The measure dropped as ADP Employer Services said companies added 162,000 jobs in September, exceeding the 140,000 median estimate of 38 economists surveyed by Bloomberg, allaying investor concern that the recovery is weakening. The Institute for Supply Management’s index of U.S. non-manufacturing businesses rose to 55.1 last month, up from 53.7 in August. Readings above 50 signal expansion.
“We still believe that this is a slow-growth environment with modest job growth,” John Donaldson, director of fixed income at Radnor, Pennsylvania-based Haverford Trust Co., said in a telephone interview. Corporate bonds remain attractive as “one of the few answers to both yield and call protection,” enabling investors to “minimize reinvestment risk,” he said.
The credit-swaps index typically falls as investor confidence improves and rises as it deteriorates. The contracts pay the buyer face value if a borrower fails to meet its obligations, less the value of the defaulted debt. A basis point equals $1,000 annually on a contract protecting $10 million of debt.
Crown Castle International Corp., the junk-rated provider of infrastructure for wireless communications, sold $1.65 billion of 5.25 percent notes that mature in 2023, according to data compiled by Bloomberg. Proceeds from the bond issue, along with cash and funds from its revolving credit line, may be used to help finance the company’s purchase of rights to operate cellular towers of Deutsche Telekom AG’s T-Mobile USA unit, Houston-based Crown Castle said today in a statement.
APA Group, the Australian natural gas transporter, sold $750 million of 3.875 percent, 10-year notes in its first U.S. benchmark bond sale, according to data compiled by Bloomberg. Proceeds from the issue, made through its APT Pipelines Ltd. financing unit, will be used to pay existing debt and for general corporate purposes, a person familiar with the offering said.
The average relative yield on speculative-grade debt rose 1 basis point, led by the spreads on junk-rated bonds of utility companies, which widened 4 basis points, Bloomberg data show. High-yield, high-risk securities are rated below Baa3 by Moody’s Investors Service and less than BBB- by Standard & Poor’s.

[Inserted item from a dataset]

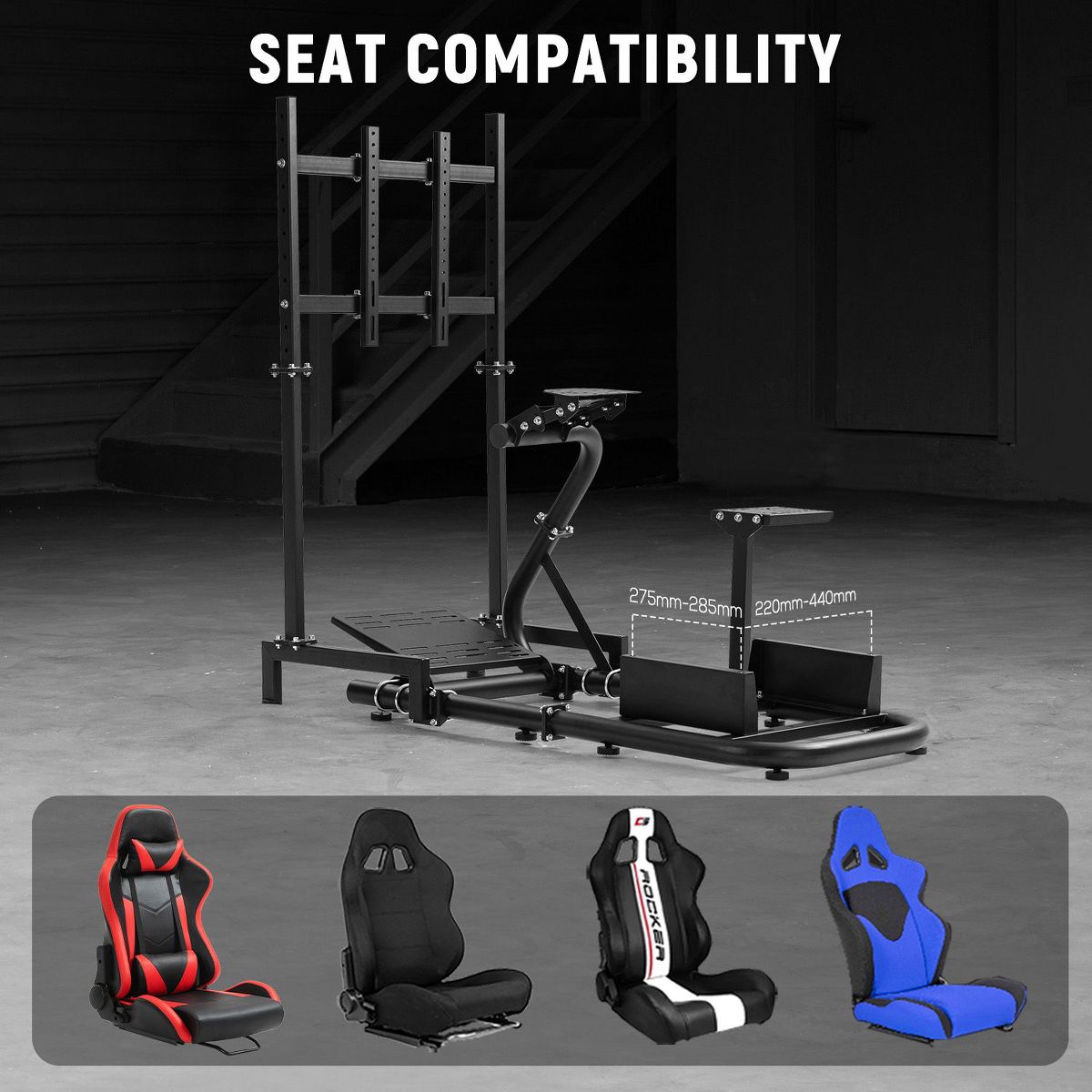 Dardoo monitor bracket and base are designed with a U-shaped right angle and are connected and fixed to the large circular tube bracket through arc-shaped clamps. The front and rear positions can be freely adjusted to adapt to different usage distances. Dardoo racing simulatior cockpit can be suitable for people with a height of 1.5~1.9 meters, the load-bearing capacity of the seat can support up to 400LBS, and the pedal can support up to 120LBS. Use four hole flanges for connection and fixation, facilitating assembly and disassembly.
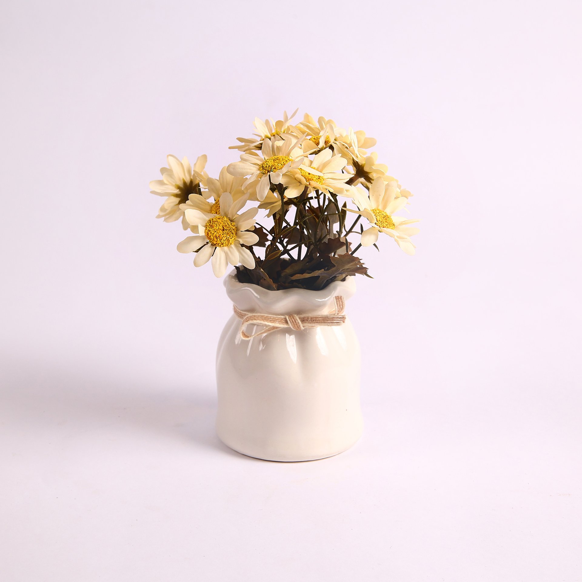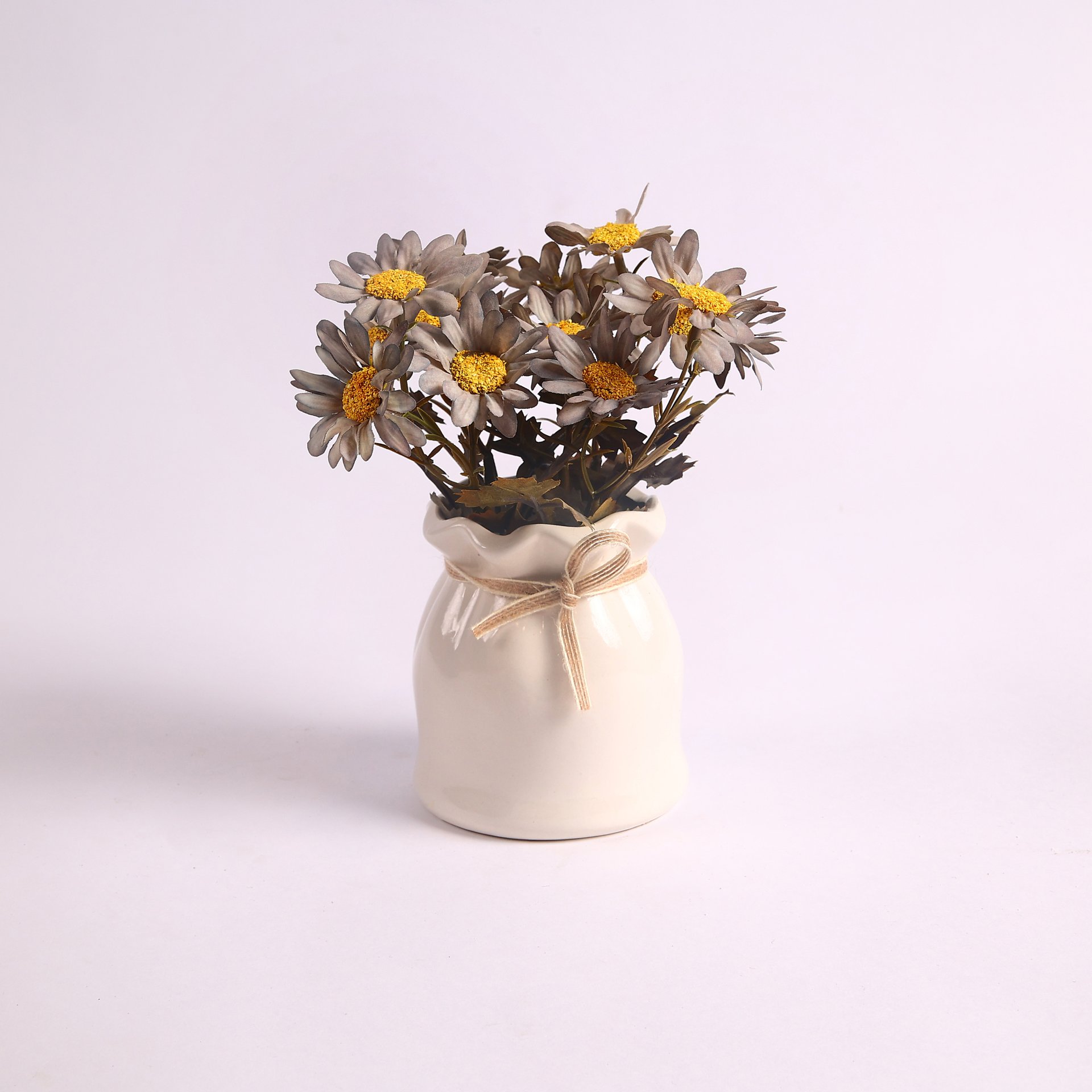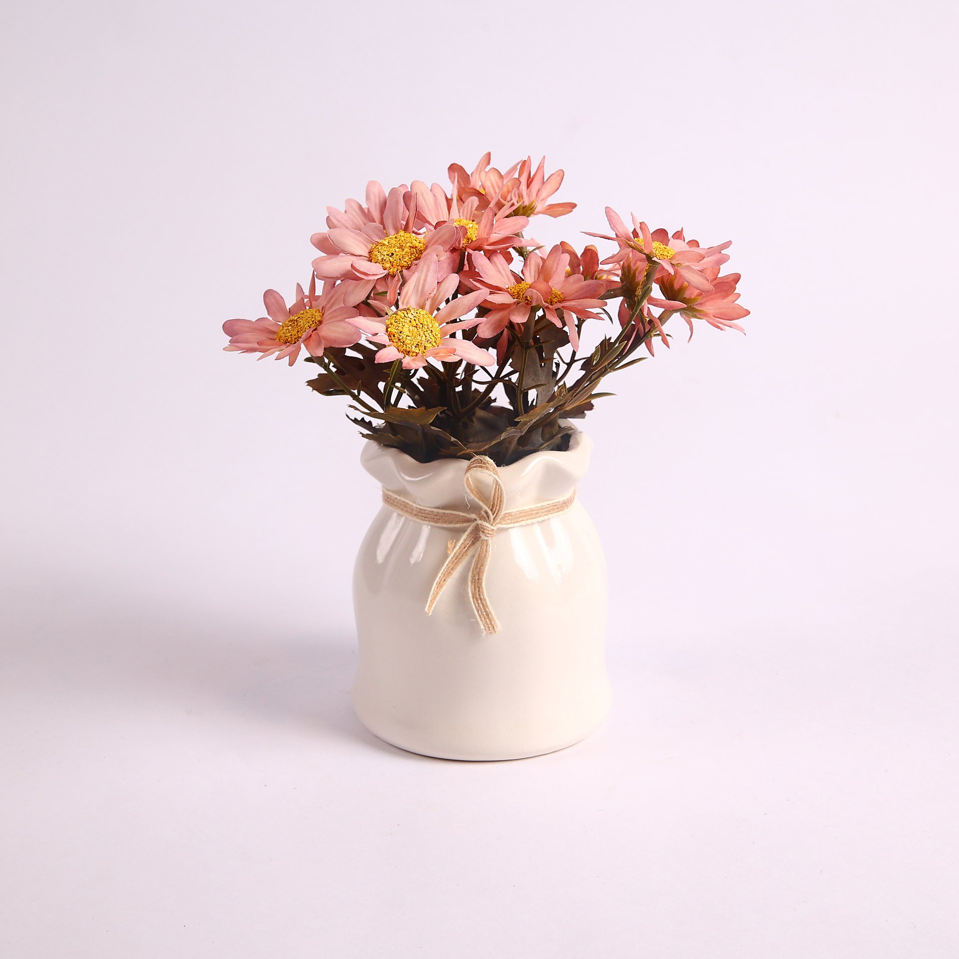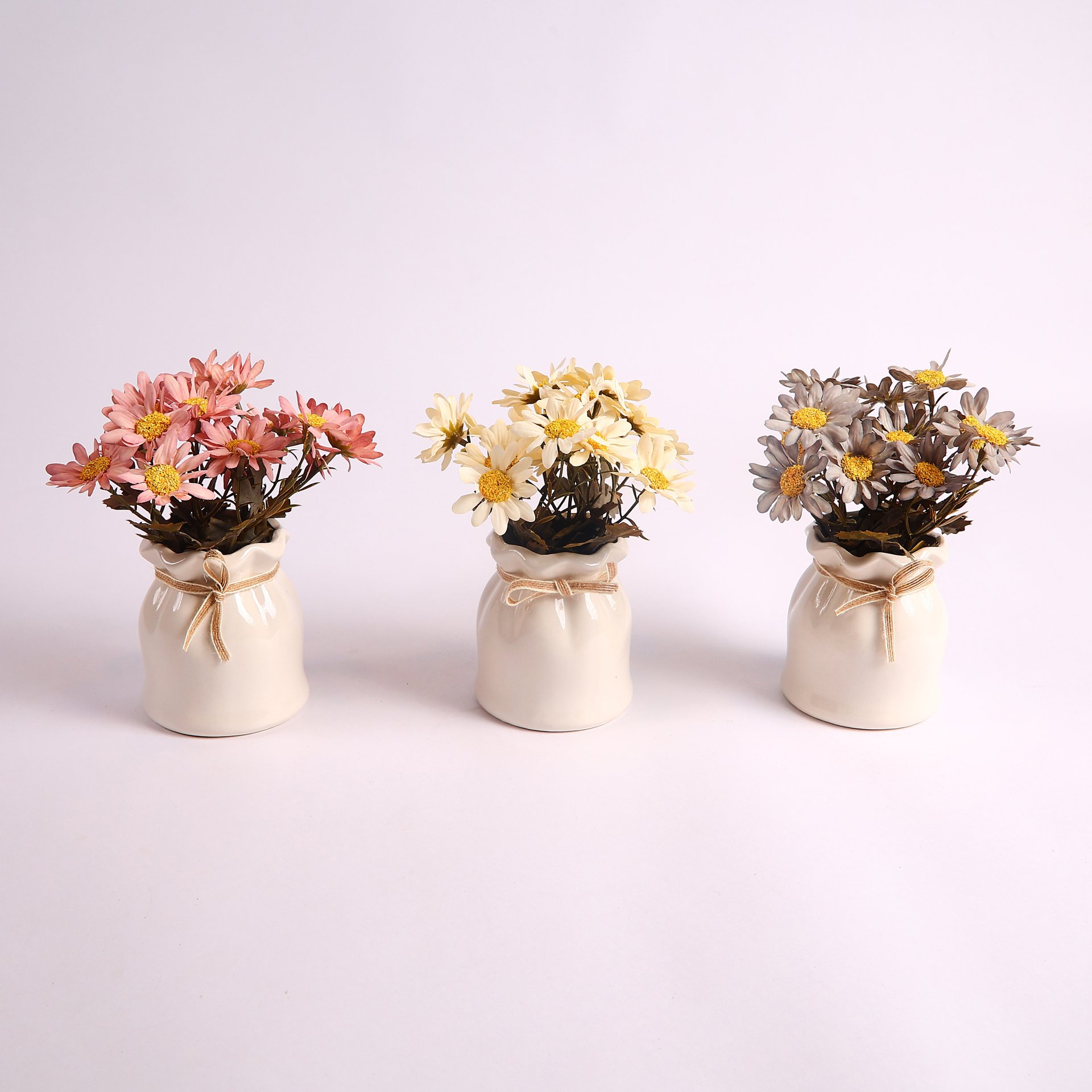 استمتع بجمال الأزهار دون عناء العناية بها مع هذه المجموعة الرائعة من الأزهار الصناعية! تأتي الأزهار بتصميم جذاب وبألوان متنوعة مثل الوردي والأصفر والرمادي، موضوعة في أوعية خزفية أنيقة مزينة بشريط رقيق. تعتبر هذه المجموعة مثالية لإضفاء لمسة من الحيوية والبهجة على أي غرفة، سواء كانت في منزلك أو مكتبك. تجعل من السهل تحقيق ديكور مميز يعكس ذوقك الرفيع دون الحاجة إلى صيانة. أضف لمسة من الجمال من خلال هذه الأزهار الرائعة!

Credit swaps tied to Hewlett-Packard rose 28.9 basis points to 302.3 basis points, the highest level since July 23, at 3:30 p.m. in New York, according to data provider CMA, which is owned by McGraw-Hill Cos. and compiles prices quoted by dealers in the privately negotiated market. CEO Meg Whitman forecast fiscal 2013 profit that missed estimates and said a turnaround at the Palo Alto, California-based company won’t happen soon.